Please output the listing exactly as it stands, but omit any images.

BEGIN Data under study

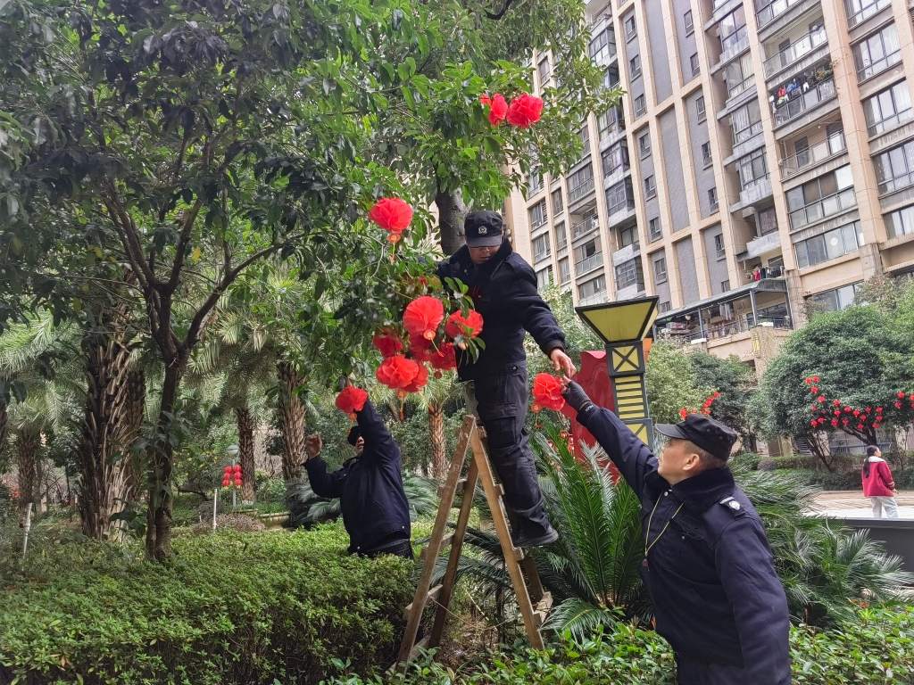 歲序更替,春歸有期,馬年新春的腳步悄然臨近。為讓小區(qū)處處洋溢濃厚年味,物業(yè)服務(wù)中心精心謀劃、匠心布置,全力打造有溫度、有氛圍的新春家園。工作人員穿梭在小區(qū)東、西大門、主次干道、休閑 廣場、單元門口等各個(gè)地方,將紅彤彤的燈籠、色彩鮮艷的彩旗依次懸掛,在綠化帶、休閑區(qū)點(diǎn)綴造型精致的馬年春節(jié)主題景觀小品,一筆一畫勾勒年味,一景一物傳遞溫情。
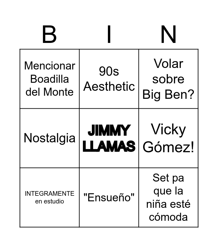 This bingo card has a free space and 8 words: Vicky Gómez!, Volar sobre Big Ben?, 90s Aesthetic, INTEGRAMENTE en estudio, Mencionar Boadilla del Monte, Set pa que la niña esté cómoda, Nostalgia and "Ensueño".
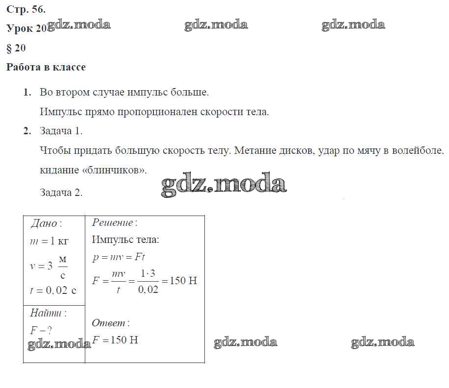 ОТВЕТ на задание № 56 Рабочая тетрадь по Физике 9 класс Минькова УМК
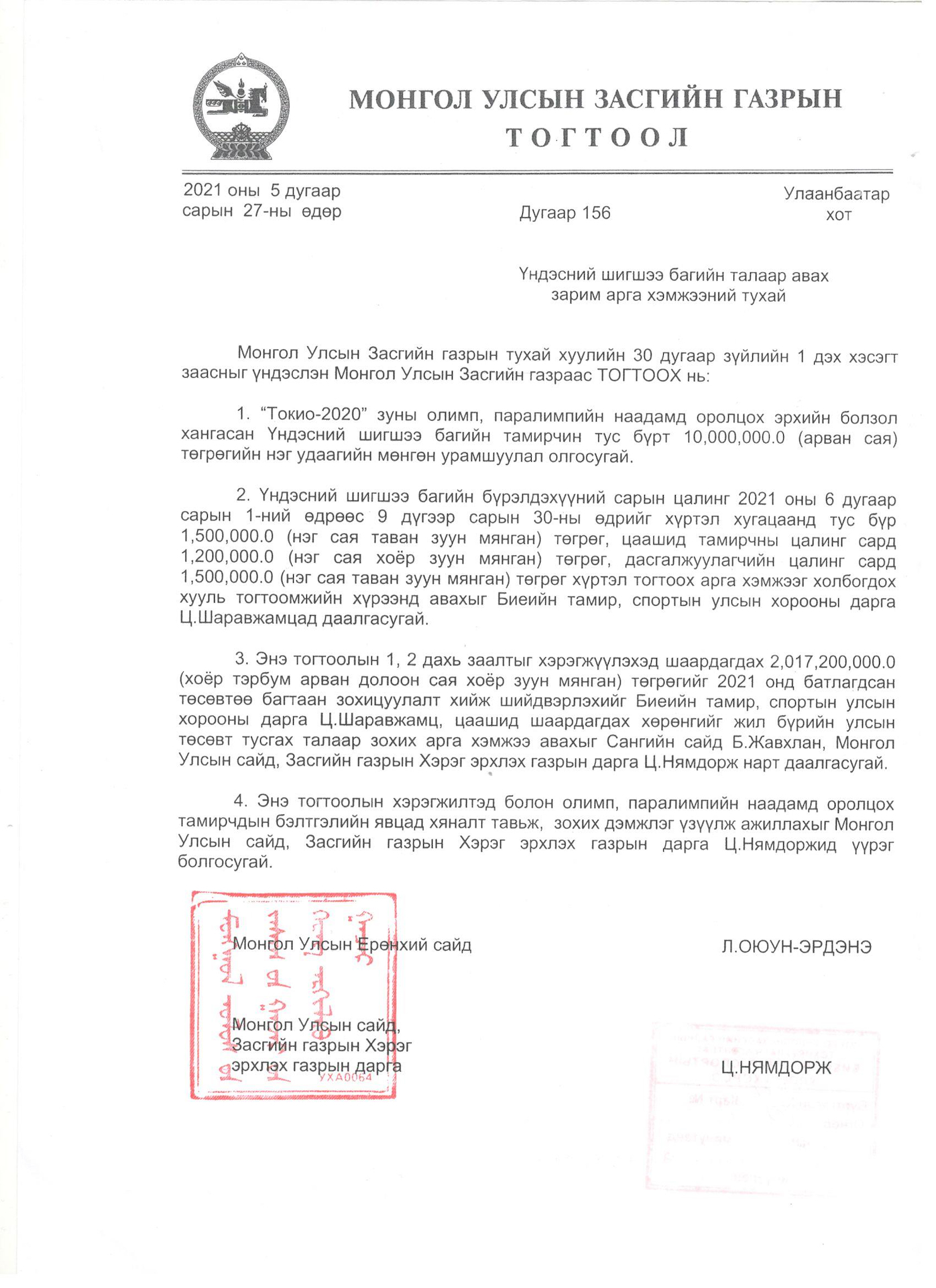 Монгол Улсын Засгийн газрын тогтоол "2021 оны 5 дугаар сарын 27-ны өдөр Дугаар 156"
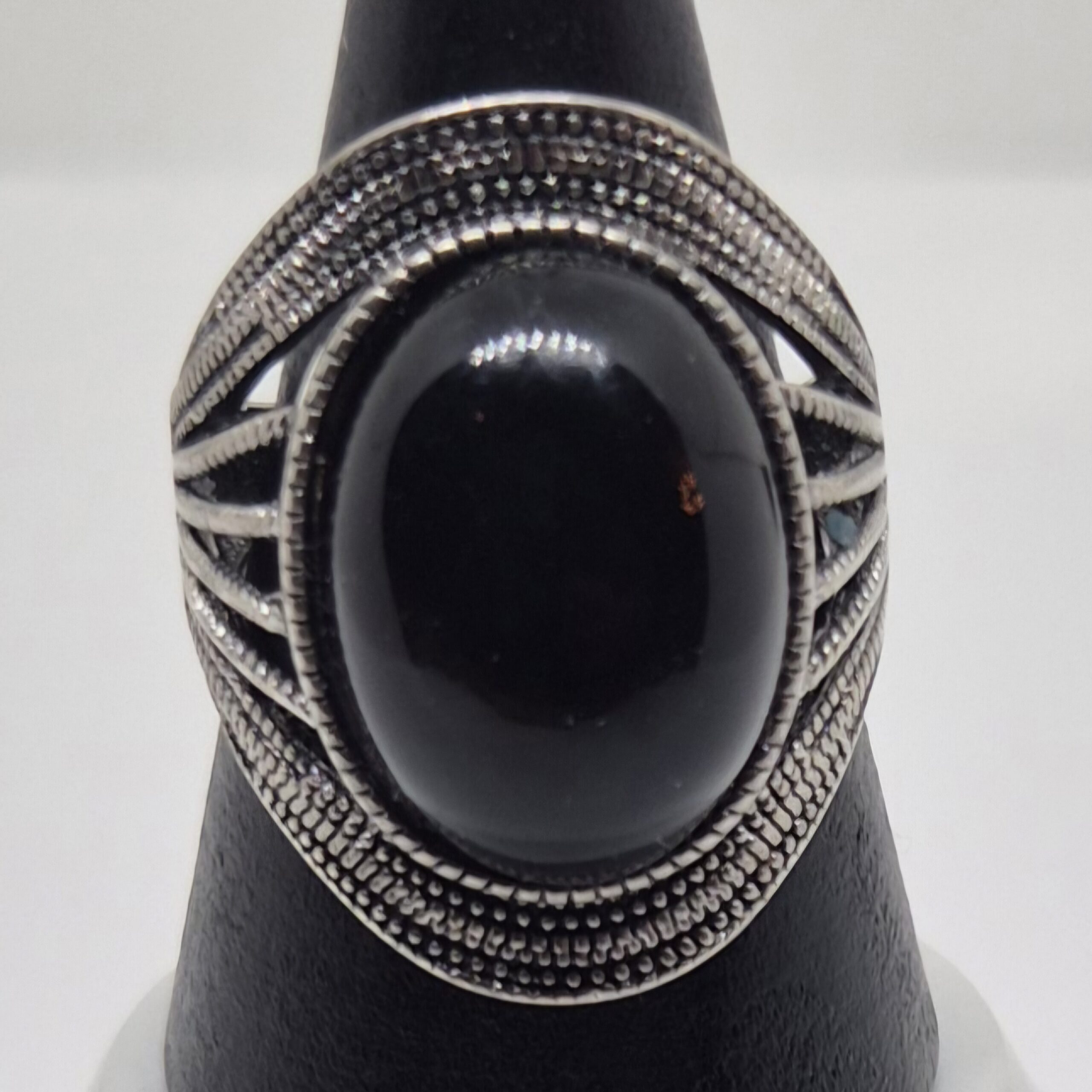Ring obsidian sort stor nr 8

END Data under study

▶ [Reply to the task]
 歲序更替,春歸有期,馬年新春的腳步悄然臨近。為讓小區(qū)處處洋溢濃厚年味,物業(yè)服務(wù)中心精心謀劃、匠心布置,全力打造有溫度、有氛圍的新春家園。工作人員穿梭在小區(qū)東、西大門、主次干道、休閑 廣場、單元門口等各個(gè)地方,將紅彤彤的燈籠、色彩鮮艷的彩旗依次懸掛,在綠化帶、休閑區(qū)點(diǎn)綴造型精致的馬年春節(jié)主題景觀小品,一筆一畫勾勒年味,一景一物傳遞溫情。
 This bingo card has a free space and 8 words: Vicky Gómez!, Volar sobre Big Ben?, 90s Aesthetic, INTEGRAMENTE en estudio, Mencionar Boadilla del Monte, Set pa que la niña esté cómoda, Nostalgia and "Ensueño".
 ОТВЕТ на задание № 56 Рабочая тетрадь по Физике 9 класс Минькова УМК
 Монгол Улсын Засгийн газрын тогтоол "2021 оны 5 дугаар сарын 27-ны өдөр Дугаар 156"
Ring obsidian sort stor nr 8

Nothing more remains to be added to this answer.